Territoriality may or may not play a role. In general, cats may not establish formal territories, but react to one another based on their familiarity with the other cat, says Dr. Barry. If one took the two cats in question to a neutral territory, they still might not be fine with each other.
Sexuality may or may not be a contributing factor. The role between testosterone and aggression is complex, and neutering may not eliminate the desire to fight, especially if the indoor cat has had experience fighting. Add to the dilemma the fact that even females may take exception to the outdoor cat. Ultimately, so many variables exist that defining the cause is not always possible. Sometimes there is no answer, says Dr. Wright.
The victim of redirected aggression may not be aware of the event that triggered the episode, but is simply nearby. The aggressor may retaliate against an adolescent kitten, an adult cat companion, a dog, another household pet or even the human caregiver. It doesnt have to be another cat, says Dr. Barry.
As with the aggressor, no common personality traits link the victims. Victims of redirected aggression seem to be whoever is right there, says Dr. Barry, and the status of the relationship between the two animals before the event may not have an effect.
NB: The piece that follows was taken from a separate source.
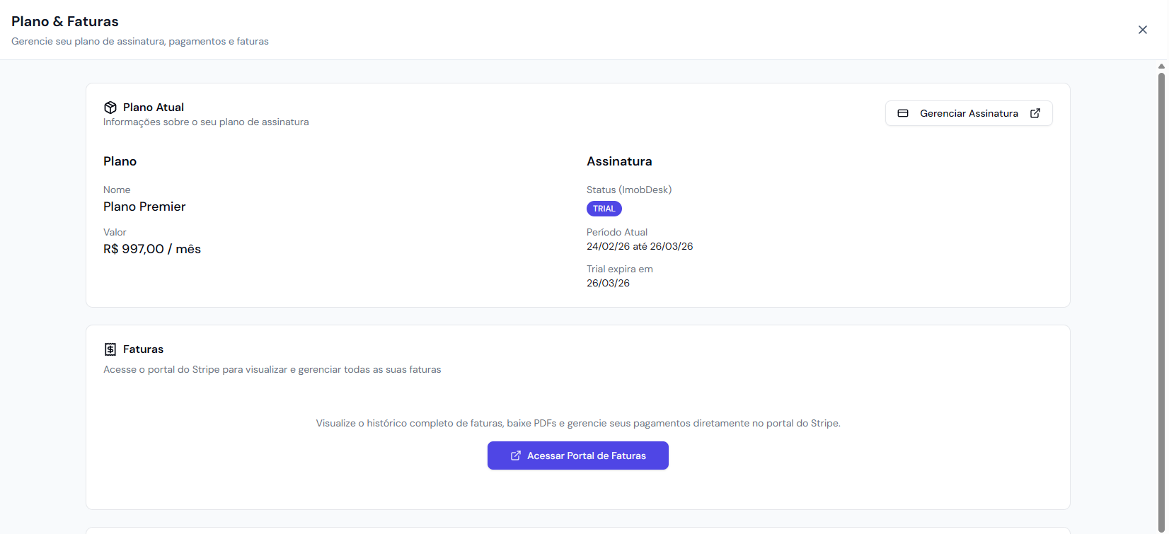 É possível verificar suas faturas e atualizar sua assinatura.

What begins as a single act of frustration may become a habit. The aggressive cat may terrorize the other animal, says Dr. Barry. If the redirected aggression continues, it can lead to a variety of behavior problems in both the aggressor and the victim. Sometimes the frustration leads to displacement behavior, says Dr. Wright. At its mildest, the displacement behavior may include licking and grooming at inappropriate times. If left untreated, the behavior may lead to more serious problems including urinating or defecating out of the litter box.
Diffusing the Situation
Occasionally the situation may return to normal, but if not, you may have to embark on a path of environmental and behavioral modification. Close curtains or put something in front of the window to keep the cat from gaining access to it, advises Dr. Wright. Provide an incompatible activity in another room, such as structured play, fishing-pole or catnip toys, or even clicker-style training. Keep the training positive by pairing it with food rewards. Teach a really nice recall command to get the cats out of the situation, says Dr. Barry. Shake a can of cat treats or make a can opener sound so that any tension in your voice doesnt add to the situation.
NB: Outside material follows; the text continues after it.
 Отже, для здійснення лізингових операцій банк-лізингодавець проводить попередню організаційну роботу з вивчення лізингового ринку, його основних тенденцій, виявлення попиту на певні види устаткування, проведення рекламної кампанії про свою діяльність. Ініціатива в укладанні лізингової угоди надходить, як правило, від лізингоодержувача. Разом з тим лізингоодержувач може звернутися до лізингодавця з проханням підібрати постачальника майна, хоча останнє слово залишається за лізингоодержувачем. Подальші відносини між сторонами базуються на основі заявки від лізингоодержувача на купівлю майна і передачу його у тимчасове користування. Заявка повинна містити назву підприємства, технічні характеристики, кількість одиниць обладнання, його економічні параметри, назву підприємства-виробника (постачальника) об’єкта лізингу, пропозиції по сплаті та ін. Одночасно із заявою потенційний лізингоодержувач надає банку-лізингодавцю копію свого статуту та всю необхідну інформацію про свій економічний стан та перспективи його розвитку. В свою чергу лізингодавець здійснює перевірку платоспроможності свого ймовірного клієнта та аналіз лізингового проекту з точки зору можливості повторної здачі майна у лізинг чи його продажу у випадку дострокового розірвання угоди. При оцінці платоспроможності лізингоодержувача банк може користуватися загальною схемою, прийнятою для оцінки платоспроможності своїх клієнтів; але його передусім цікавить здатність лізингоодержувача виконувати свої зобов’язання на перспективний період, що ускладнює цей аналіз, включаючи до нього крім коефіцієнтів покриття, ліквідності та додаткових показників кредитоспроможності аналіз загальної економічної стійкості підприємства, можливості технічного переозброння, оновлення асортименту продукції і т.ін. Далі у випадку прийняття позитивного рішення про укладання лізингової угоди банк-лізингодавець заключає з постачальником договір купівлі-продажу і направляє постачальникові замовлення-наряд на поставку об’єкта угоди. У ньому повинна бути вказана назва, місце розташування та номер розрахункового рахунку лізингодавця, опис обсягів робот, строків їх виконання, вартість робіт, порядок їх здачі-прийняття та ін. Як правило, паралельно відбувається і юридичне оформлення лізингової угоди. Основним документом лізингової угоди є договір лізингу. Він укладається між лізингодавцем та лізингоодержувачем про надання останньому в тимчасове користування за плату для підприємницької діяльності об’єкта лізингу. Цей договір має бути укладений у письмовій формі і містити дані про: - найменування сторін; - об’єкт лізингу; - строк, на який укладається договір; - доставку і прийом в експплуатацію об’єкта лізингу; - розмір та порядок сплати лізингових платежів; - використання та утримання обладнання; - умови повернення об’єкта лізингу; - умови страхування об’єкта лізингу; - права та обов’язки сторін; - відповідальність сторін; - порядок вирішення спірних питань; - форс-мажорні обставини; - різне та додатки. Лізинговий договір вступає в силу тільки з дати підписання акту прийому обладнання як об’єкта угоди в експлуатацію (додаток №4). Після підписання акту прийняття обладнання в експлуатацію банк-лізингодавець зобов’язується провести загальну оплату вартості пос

If necessary, separate the cats. Because the victim has undergone trauma, provide positive activities to boost the victims self-esteem. Direct the aggressor into more people-oriented activities. Once both cats are more stable, allow them access to the area of the house where the attack took place. Do what works and build on it, says Dr. Wright. The goal is to interrupt the pattern and replace it with a healthy one.
If you cannot establish peace in your home, talk to an animal behaviorist or your veterinarian. Depending on the success of your behavior modification program, your veterinarian may recommend behavior modifying medication for the aggressive cat and/or the victim.
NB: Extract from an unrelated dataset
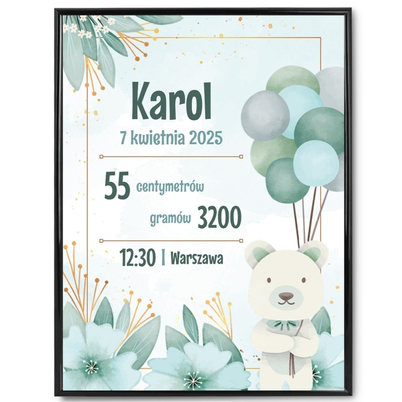Personalizowany plakat metryczka dla chłopca – miś z balonikami, ramka ze szkłem 40×30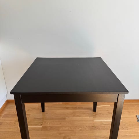 Myyntiin Jyskin ruokapöytä jossa valkoinen levy ja puun väriset jalat.

If you know to whom the intruding cat belongs, talk to the person about the situation and urge him or her to keep the cat confined. If they are responsible owners, they will make an attempt to do something about it, says Dr. Wright. If the cat has no owner, consider trapping it and taking it to a humane shelter.
Keeping the Peace
As always, an ounce of prevention is worth a pound of cure. If one of your cats is acting in an uncharacteristic way at certain locations, pay attention to what is on the other side of the window. Interrupt the behavior before it becomes a pattern, says Dr. Wright. Pay daily attention to what your cat is doing. Dr. Barry concurs. Its a management issue, she says.